> _TASK PROMPT_
Transcribe the listing exactly as written. Leave the images out.

> _STORED DATA_

◇ ◇ ◇ ◇ ◇ ◇ ◇

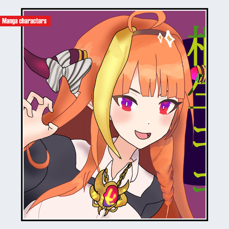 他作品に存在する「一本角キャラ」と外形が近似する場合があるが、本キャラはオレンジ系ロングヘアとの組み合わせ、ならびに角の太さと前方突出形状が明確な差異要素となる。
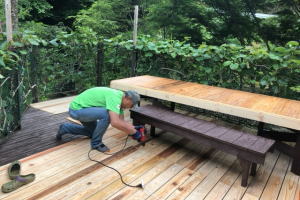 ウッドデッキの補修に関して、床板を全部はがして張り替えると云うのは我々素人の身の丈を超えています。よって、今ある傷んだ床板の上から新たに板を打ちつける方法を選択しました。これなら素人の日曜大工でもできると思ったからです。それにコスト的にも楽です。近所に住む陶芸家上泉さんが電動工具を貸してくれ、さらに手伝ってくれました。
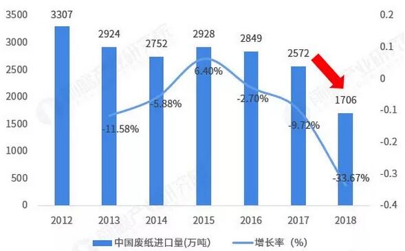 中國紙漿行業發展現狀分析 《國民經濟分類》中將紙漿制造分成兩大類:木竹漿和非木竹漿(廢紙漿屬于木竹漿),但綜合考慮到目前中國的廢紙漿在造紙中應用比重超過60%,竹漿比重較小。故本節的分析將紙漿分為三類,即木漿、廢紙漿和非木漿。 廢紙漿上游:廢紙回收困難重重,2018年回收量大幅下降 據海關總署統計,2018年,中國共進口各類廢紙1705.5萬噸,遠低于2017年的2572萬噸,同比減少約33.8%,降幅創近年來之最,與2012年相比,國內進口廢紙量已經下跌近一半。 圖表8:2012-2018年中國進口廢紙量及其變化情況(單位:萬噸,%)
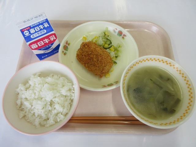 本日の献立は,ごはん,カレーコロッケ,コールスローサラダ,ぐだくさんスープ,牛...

◇ ◇ ◇ ◇ ◇ ◇ ◇

> _WORKED SOLUTION_
 他作品に存在する「一本角キャラ」と外形が近似する場合があるが、本キャラはオレンジ系ロングヘアとの組み合わせ、ならびに角の太さと前方突出形状が明確な差異要素となる。
 ウッドデッキの補修に関して、床板を全部はがして張り替えると云うのは我々素人の身の丈を超えています。よって、今ある傷んだ床板の上から新たに板を打ちつける方法を選択しました。これなら素人の日曜大工でもできると思ったからです。それにコスト的にも楽です。近所に住む陶芸家上泉さんが電動工具を貸してくれ、さらに手伝ってくれました。
 中國紙漿行業發展現狀分析 《國民經濟分類》中將紙漿制造分成兩大類:木竹漿和非木竹漿(廢紙漿屬于木竹漿),但綜合考慮到目前中國的廢紙漿在造紙中應用比重超過60%,竹漿比重較小。故本節的分析將紙漿分為三類,即木漿、廢紙漿和非木漿。 廢紙漿上游:廢紙回收困難重重,2018年回收量大幅下降 據海關總署統計,2018年,中國共進口各類廢紙1705.5萬噸,遠低于2017年的2572萬噸,同比減少約33.8%,降幅創近年來之最,與2012年相比,國內進口廢紙量已經下跌近一半。 圖表8:2012-2018年中國進口廢紙量及其變化情況(單位:萬噸,%)
 本日の献立は,ごはん,カレーコロッケ,コールスローサラダ,ぐだくさんスープ,牛...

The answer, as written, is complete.